The given equation of the line is:

\( \frac{x - 6}{3} = \frac{y - 7}{2} = \frac{z - 7}{-2}. \)

Let the common ratio be \( t \). Then the coordinates of points \( A \) and \( C \) on the line can be written as:

\( x = 3t + 6, \quad y = 2t + 7, \quad z = -2t + 7. \)

Thus, the coordinates of \( A \) and \( C \) are parametrized as:

\( A(3t + 6, 2t + 7, -2t + 7) \quad \text{and} \quad C(3s + 6, 2s + 7, -2s + 7). \)

Step 2: Find the Vector \( \overrightarrow{AB} \) and \( \overrightarrow{AC} \)

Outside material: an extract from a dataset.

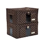 • Composition: plastic zipper with metal zipper pull, reinforced stitched side handles, PVC window, steel metal support bars and frame, MDF base support. Woven jacquard with PVC lining (brown checker); 600 denier polyester with PVC lining (printed and solid colours)

Let \( B(1, 2, 3) \) be the coordinates of point B. Now, the vector \( \overrightarrow{AB} \) is:

\[ \overrightarrow{AB} = (1 - (3t + 6), 2 - (2t + 7), 3 - (-2t + 7)) = (-3t - 5, -2t - 5, 2t - 4). \]

The vector \( \overrightarrow{AC} \) is:

\[ \overrightarrow{AC} = (3s + 6 - (3t + 6), 2s + 7 - (2t + 7), -2s + 7 - (-2t + 7)) = (3(s - t), 2(s - t), -2(s - t)). \]

Step 3: Use the Formula for the Area of a Triangle

The area of triangle \( ABC \) is given by:

\[ \text{Area} = \frac{1}{2} \left| \overrightarrow{AB} \times \overrightarrow{AC} \right|. \]

Now, compute the cross product \( \overrightarrow{AB} \times \overrightarrow{AC} \):

\[ \overrightarrow{AB} \times \overrightarrow{AC} = \begin{vmatrix} \hat{i} & \hat{j} & \hat{k} \\ -3t - 5 & -2t - 5 & 2t - 4 \\ 3(s - t) & 2(s - t) & -2(s - t) \end{vmatrix}. \]

Step 4: Calculate the Determinant and Simplify

After simplifying the determinant, we find the magnitude of the cross product and compute the area. \[ \text{Area} = 21 \, \text{square units}. \]

Answer:

The area of triangle \( ABC \) is 21 square units.